I think my father started out as an engineer somewhere in HP but later went on to sales, and lots of traveling around mexico/south america and later Asia, it's how I ended up in Beijing and Bangkok for a few years. He begged, pleaded with HP for what he said was at least a decade to open an office in Thailand, and when they finally did they offered it to him, and he ran it for a few years till the stress got to his health and he had to retire (he retired in Thailand and still lives there today).

 

HP had the luxury (I guess) of treating people much better "back in the day", these days not so much, I just saw a message on LinkedIn from a sales guy I know in Portland, apparently worked in the Autonomy group (I thought that was doing well?) ""

 

Sad..

 

Despite my father working for HP for so long, we didn't get our first computer until I want to say I was about 13, maybe 12. It was an HP Vectra 286/12 with 4MB RAM, 40MB HD and HP DOS 4.0 (oh what a horrible memory hog "PAM" was, I still remember Executive Memo Maker, wrote a lot of documents in that thing, don't remember much else though).

 

nate | ‎09-15-2012 12:26 AM

Oh and another bit of info, I went to high school with the grandson of the Hewletts, we were friends, well I was only in Palo Alto for my freshman year before I went back to Thailand.
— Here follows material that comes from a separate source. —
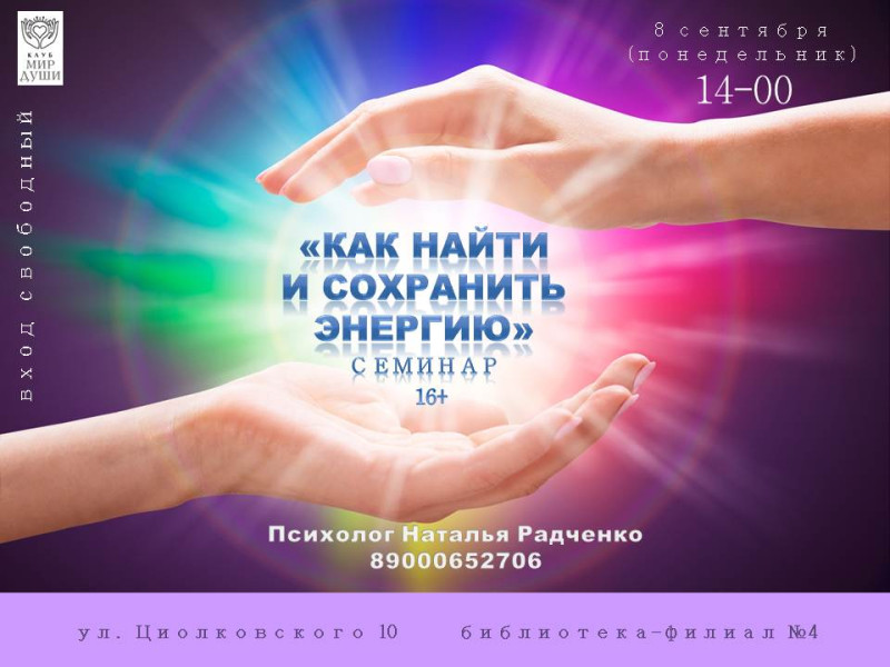 На очередной встрече с участниками клуба «Мир души», психолог Наталья Радченко даст рекомендации, как накопить достаточно жизненной энергии и отлично себя чувствовать.

Never stayed in touch, writing letters was a PITA. I'll never forget what he told me when I asked him why was he taking Japanese when everyone else was taking Spanish (because it was easier). He said "My father says it's the business language of the future".

 

I guess a lot of people believed that back then much like many think Chinese is the language of the future. China is certainly doing it's part in trying to encourage that belief!

| ‎09-24-2012 03:37 PM

Hey Nate -

 

I've often found myself complaining about the HP of the old days and now.  I remember being in our Fullerton office in the late 80's and they took donuts away. I was not happy.  But it was a smaller company - I think HP was less than 75,000 people when I started. 

 

That said, the world changed, economics changed, technology changed, investor expectations changed.  Some change at HP was needed or it would have died 15 years ago.  I think some of the previous CEO's (Mr. Hurd, Ms. Fiorina) did more damage to the culture than good. 

 

All that said, the bottom line for me is that it's still a pretty great place to work; in fact HP recently offered an early retirement program that I qualified for AND I got a call from a competitor asking me to come work for them but I said no because I'm really excited about the potential at HP.